|Abstract:||Our work highlights the improved robustness of Phasor Measurement Units (PMUs) against meaconing i.e., record and replay attack by incorporating new protective measures to our prior work on Direct Time Estimation (DTE). In this paper, we propose a novel GPS spoofer localization based Multi-Receiver Direct Time Estimation (MRDTE) algorithm by leveraging the geometrical diversity of multiple receivers. DTE performs non-coherent summation across the satellites to evaluate the likelihood of the clock candidates considered from a pre-generated search space. Firstly, we execute DTE based multiple peak vector correlation to detect the presence of spoofer. Thereafter, we compare the time-delayed similarity in the signal properties across the geographically distributed receivers to distinguish these spoofing signals. Lastly, we perform non-coherent summation across the satellites at individual receiver level and then incorporate a Joint Filter module. This module includes a Particle Filter to estimate the spoofer location and a Kalman Filter to collectively process the maximum likely clock parameters obtained from individual receivers to estimate the precise UTC time. We validate our algorithm under a complex case of meaconing attack generated by recording the GPS signals in the same place as our multi-receiver setup and later replaying them from a different location with higher power.

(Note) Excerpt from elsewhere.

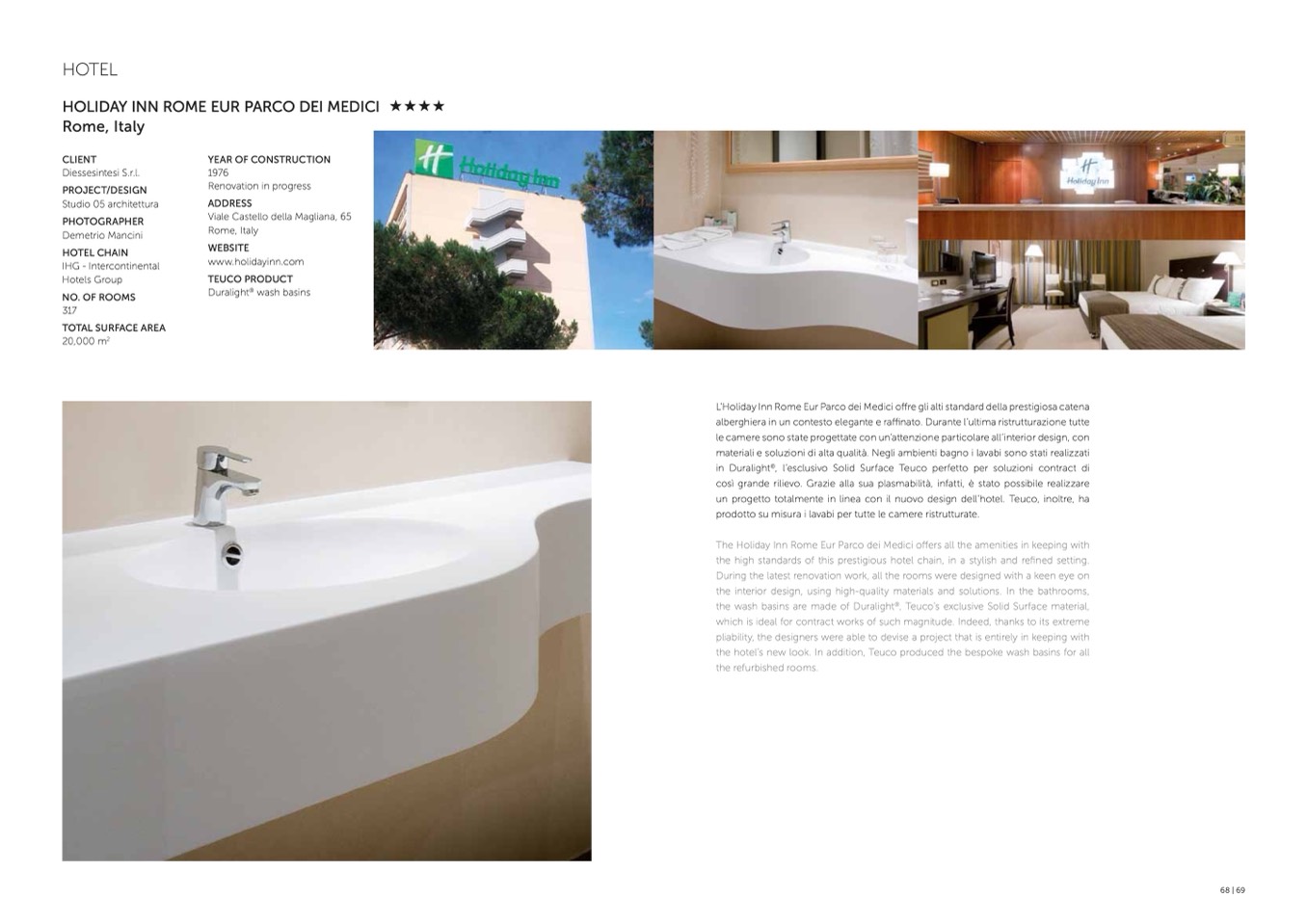 the hotel’s new look. In addition, Teuco produced the bespoke wash basins for all

Our experimental results demonstrate precise localization of the spoofer while simultaneously computing the GPS time to within the accuracy specified by the power community (IEEE C37.118).|
Proceedings of the 30th International Technical Meeting of the Satellite Division of The Institute of Navigation (ION GNSS+ 2017)
September 25 - 29, 2017
Oregon Convention Center
|Pages:||2780 - 2784|
|Cite this article:||
Bhamidipati, Sriramya, Gao, Grace Xingxin, "GPS Spoofer Localization for PMUs using Multi-Receiver Direct Time Estimation," Proceedings of the 30th International Technical Meeting of the Satellite Division of The Institute of Navigation (ION GNSS+ 2017), Portland, Oregon, September 2017, pp. 2780-2784.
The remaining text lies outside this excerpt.